[[ Raw data, beginning ]]

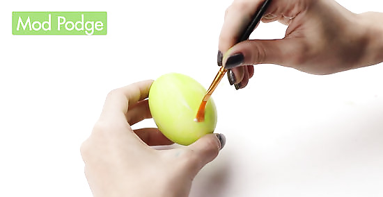 Apply Mod Podge. Use a separate sponge brush to apply a thick coat of mod podge to the egg. Make sure all of the egg gets covered with the Mod Podge. This part will be messy, and your fingers will likely get covered with glue. You can use baby wipes to get the glue off of your fingers.
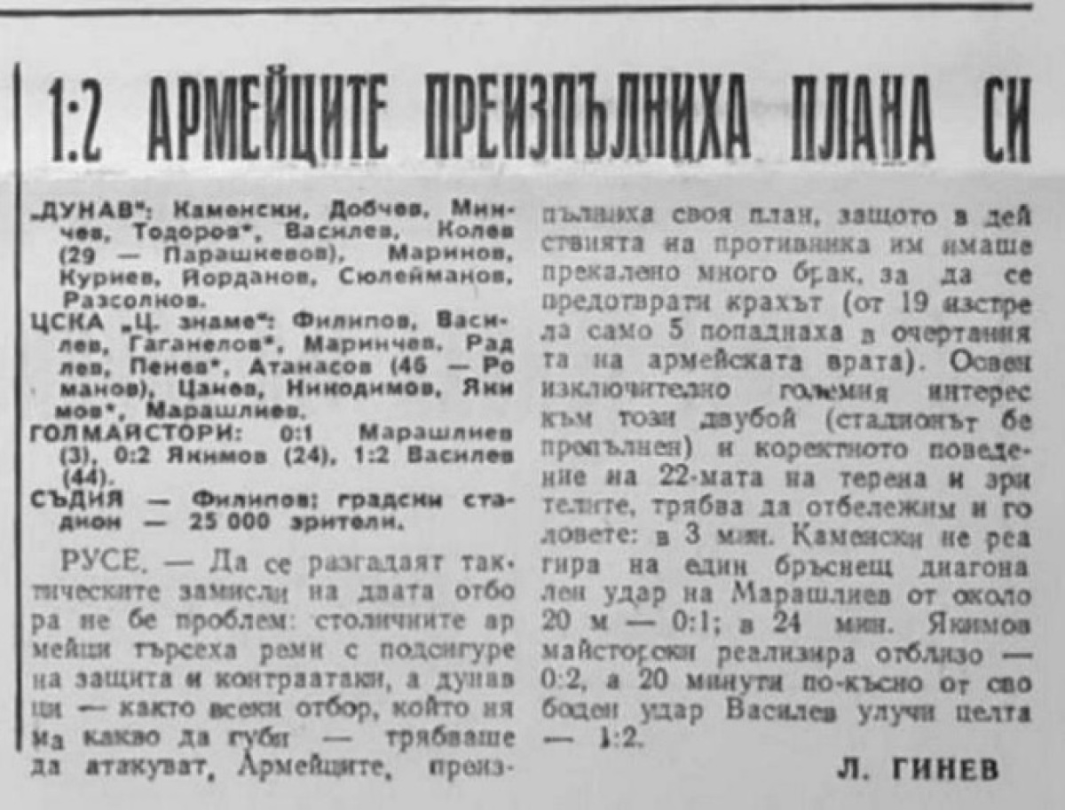 «Дунав» Русе - «ЦСКА Червено Знаме» София - 1:2
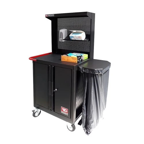 La poste sanitaire SERV.CLEAN de la marque Facom est une solution pour la gestion de la sécurité des hommes sur le lieu de travail. Elle est dotée d’une grande base de rangement avec une étagère réglable en hauteur. Quant à la partie supérieure de cette poste, elle est munie d’un panneau perforé en tôle d’acier, idéale pour la fixation d’outils. Cette partie haute est également conçue avec une tablette inclinée pour la pose des produits sanitaires. Un support sac poubelle amovible est intégré pour la collecte des déchets.

[[ Raw data, end ]]

### Task brief
Every line above is to be reproduced verbatim, and the pictures are to be omitted.

### Response to the exercise
 Apply Mod Podge. Use a separate sponge brush to apply a thick coat of mod podge to the egg. Make sure all of the egg gets covered with the Mod Podge. This part will be messy, and your fingers will likely get covered with glue. You can use baby wipes to get the glue off of your fingers.
 «Дунав» Русе - «ЦСКА Червено Знаме» София - 1:2
 La poste sanitaire SERV.CLEAN de la marque Facom est une solution pour la gestion de la sécurité des hommes sur le lieu de travail. Elle est dotée d’une grande base de rangement avec une étagère réglable en hauteur. Quant à la partie supérieure de cette poste, elle est munie d’un panneau perforé en tôle d’acier, idéale pour la fixation d’outils. Cette partie haute est également conçue avec une tablette inclinée pour la pose des produits sanitaires. Un support sac poubelle amovible est intégré pour la collecte des déchets.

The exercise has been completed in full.